Seaver Autism Center for Research and Treatment
- Formation: 1993
- Location: Icahn School of Medicine at Mount Sinai;
- Director: Joseph Buxbaum, Ph.D.
- Website: Seaver Autism Center

= Seaver Autism Center =

Medical research center in New York, New York, US

The Seaver Autism Center for Research and Treatment at Icahn School of Medicine at Mount Sinai conducts research studies and provides care to children and adults with autism spectrum disorder (ASD). The Seaver Autism Center works to understand the biological causes of ASD and to develop treatments, as well as provide education and training opportunities.

As a collaborative effort that integrates the fields of psychiatry, psychology, neurology, molecular genetics, neuroscience, and neuroimaging, the Center receives funding from diverse sources, including the National Institutes of Health (NIH) in addition to multiple foundations and the pharmaceutical industry. The Center receives over 600 new referrals each year and 100 contacts per month, including patients enrolled in ongoing treatment.

==History==
The Seaver Autism Center was founded in 1993 by a grant to the Icahn School of Medicine at Mount Sinai from the Beatrice and Samuel A. Seaver Foundation. The Foundation was established in 1984 and created exclusively for charitable, scientific, literary, and educational endeavors.

==Leadership==
- Director: Joseph Buxbaum, PhD
- Clinical Director: Alex Kolevzon, MD
- Chief Psychologist: Paige M. Siper, PhD
- Director of Community Outreach: Michelle Gorenstein-Holtzman, PsyD
- Director of Psychology Training: Danielle B. Halpern, PsyD

==Research==
Members of the research team participate in interrelated ASD research programs in genetics, experimental therapeutics, neuroimaging, and cognitive neuroscience. Researchers publish over 40 related articles per year in peer-reviewed journals. The Center uses methods of genetic epidemiology, molecular and cell biology, genetics, and animal models to identify genes that contribute to ASD susceptibility and use that knowledge to develop novel therapeutics.

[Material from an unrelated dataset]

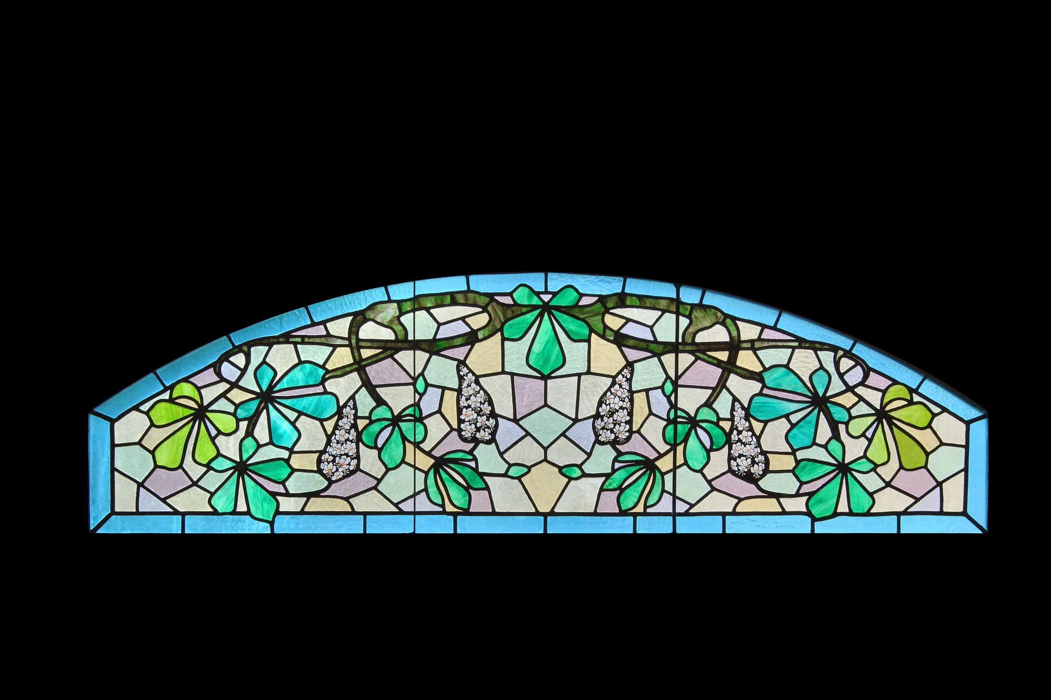 Des fleurs de marronnier se déploient sur un fond décoratif de nid-d’abeilles.

The Seaver Autism Center offers an integrated series of clinical research studies in treatments, genetics, and brain imaging. All services provided as part of research studies are free of charge to eligible participants and can include gold standard diagnostic assessments such as the Autism Diagnostic Observation Schedule – Second Edition (ADOS-2), the Autism Diagnostic Interview-Revised (ADI-R), psychiatric evaluations, and neuropsychological testing.

==Clinical Services==
The Center provides comprehensive clinical services, including but not limited to psychiatric evaluations and Autism Diagnostic Observation Schedules (ADOS). These services are provided free-of-charge to people with autism, with participation in a research study. The Center also provides support and training for parents and siblings of individuals with autism.